I have written my last several pieces about the gold futures COT report and, since nothing has really changed on that front, I thought it might be worthwhile to look at GDX, the ETF basket of gold miners.
Below is the 60-minute GDX chart spanning 2 months, labeled with points 1 through 4, which I address:
Source: StockCharts.com, 2/7/20
Looking at the annotated chart above and using the red numbers for reference, this is my take on GDX:
1. The dashed green line highlights the weeklong RSI(10) negative divergence with price. GDX climbed higher before spiking to 29.66, all the while RSI trended lower, indicating that momentum was stalling.
2. GDX price formed a bearish wedge (blue lines), then broke out bullishly to 29.66 (classic first-way-wrong-way move), only to then fail and fall back into the wedge. GDX then broke lower out of the wedge and cleanly retested the broken uptrend line of the wedge from below, before then rolling over.
3. GDX next gapped below the larger (purple) uptrend line from December, bottoming at the horizontal support (orange line) just below 28.

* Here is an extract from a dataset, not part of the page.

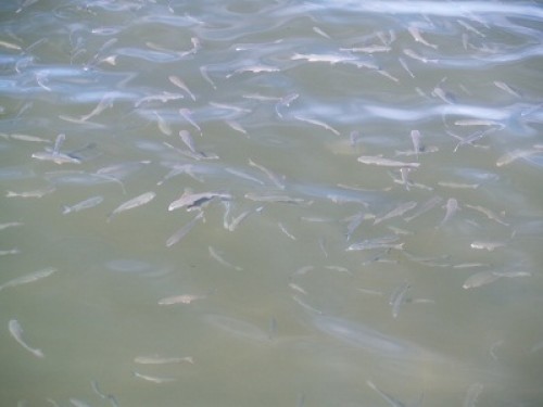 Around the town dock, thousands of mullet congregate because the pilings and dock structure give them some cover and shade to hide in. The fish in the schools run from a few inches to around one foot long. I got a kick out of seeing so many of them in such a small space. In this part of the school, these are all about a foot long. This photo doesn’t really show how many there were but trust me when I say that there were plenty.
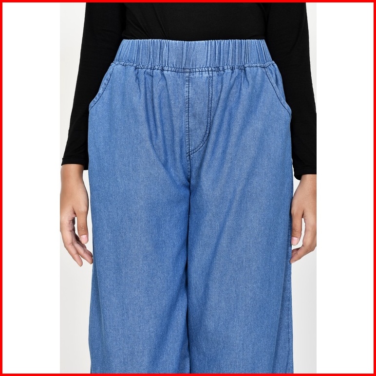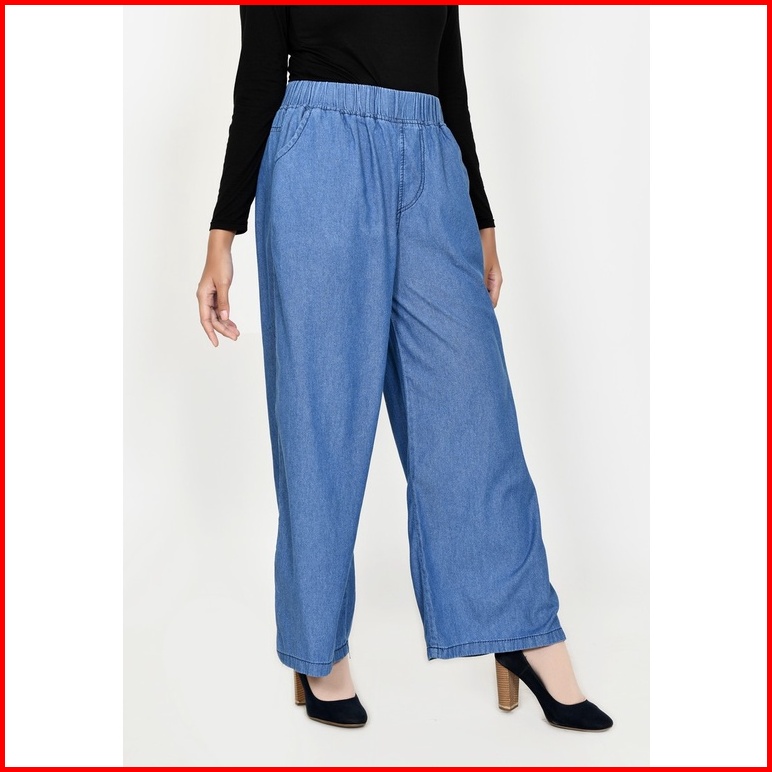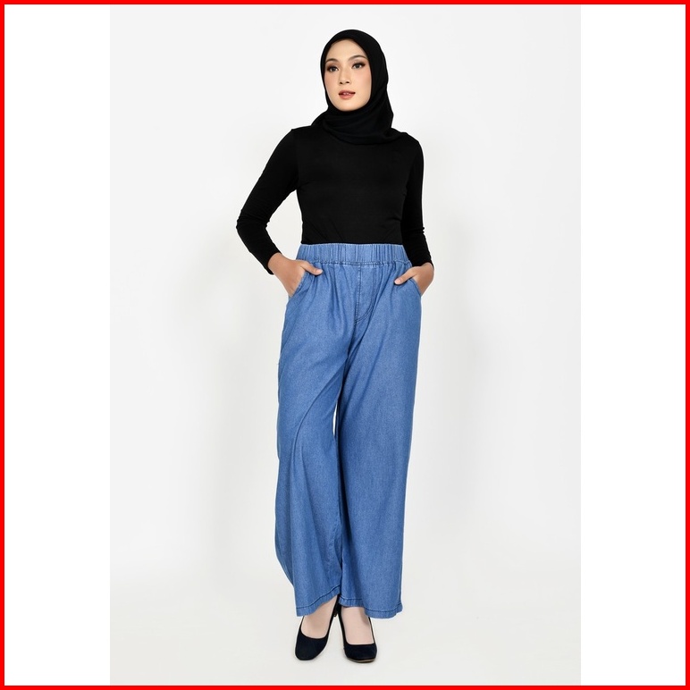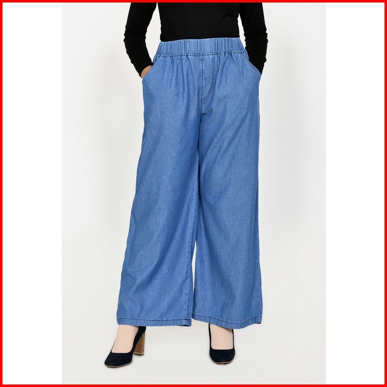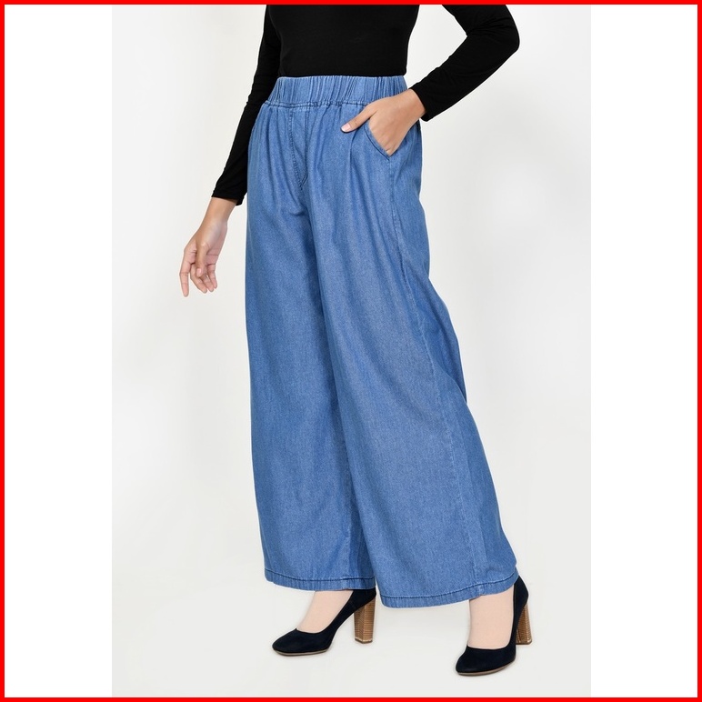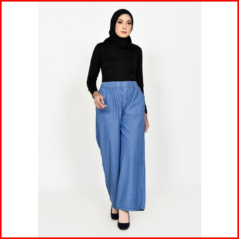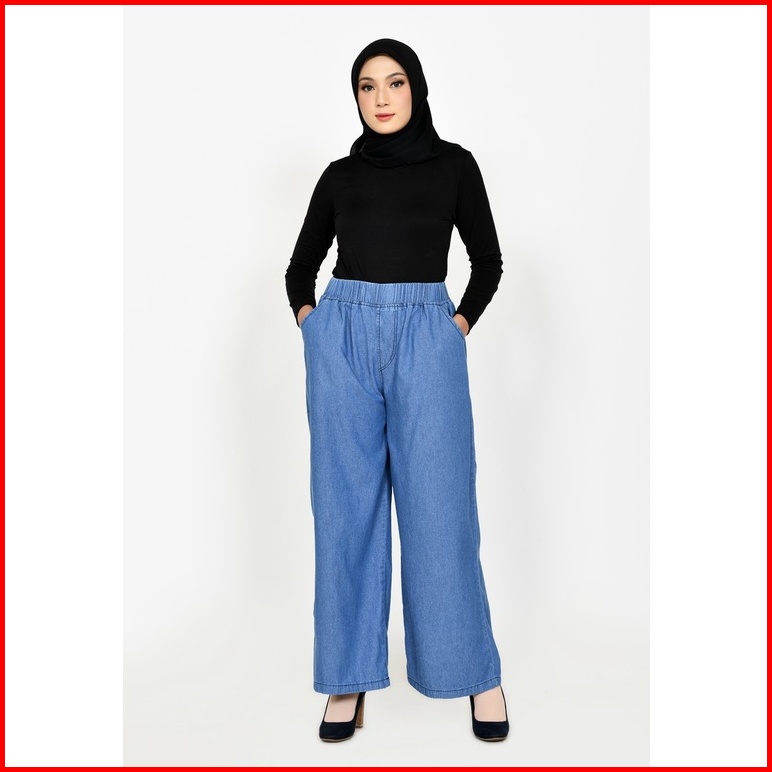 Celana Kulot Jeans Non Stretch Wanita Fit Xxl Jumbo Panjang 102 Cm Lezahra Signature Pallazo Kelly 2

4. Bouncing higher from support, GDX cleanly retested the broken uptrend line (purple) and has now reversed back to the 28 area (as I write).
So where does that leave us? The bull case is that the double bottom and horizontal support at 27.70 (point #3, orange line) holds and GDX works its way higher next week. On the bearish side is the breaking of the uptrend line (purple), which has been cleanly retested from below (point #4). Of course, a lot depends on what gold does next week. There is obviously a great deal of headline risk based on what news comes across the wire on the coronavirus and its effect on health and global trade. I will be watching closely, focusing on what I see on the price chart and trying to avoid seeing what I "think" should happen.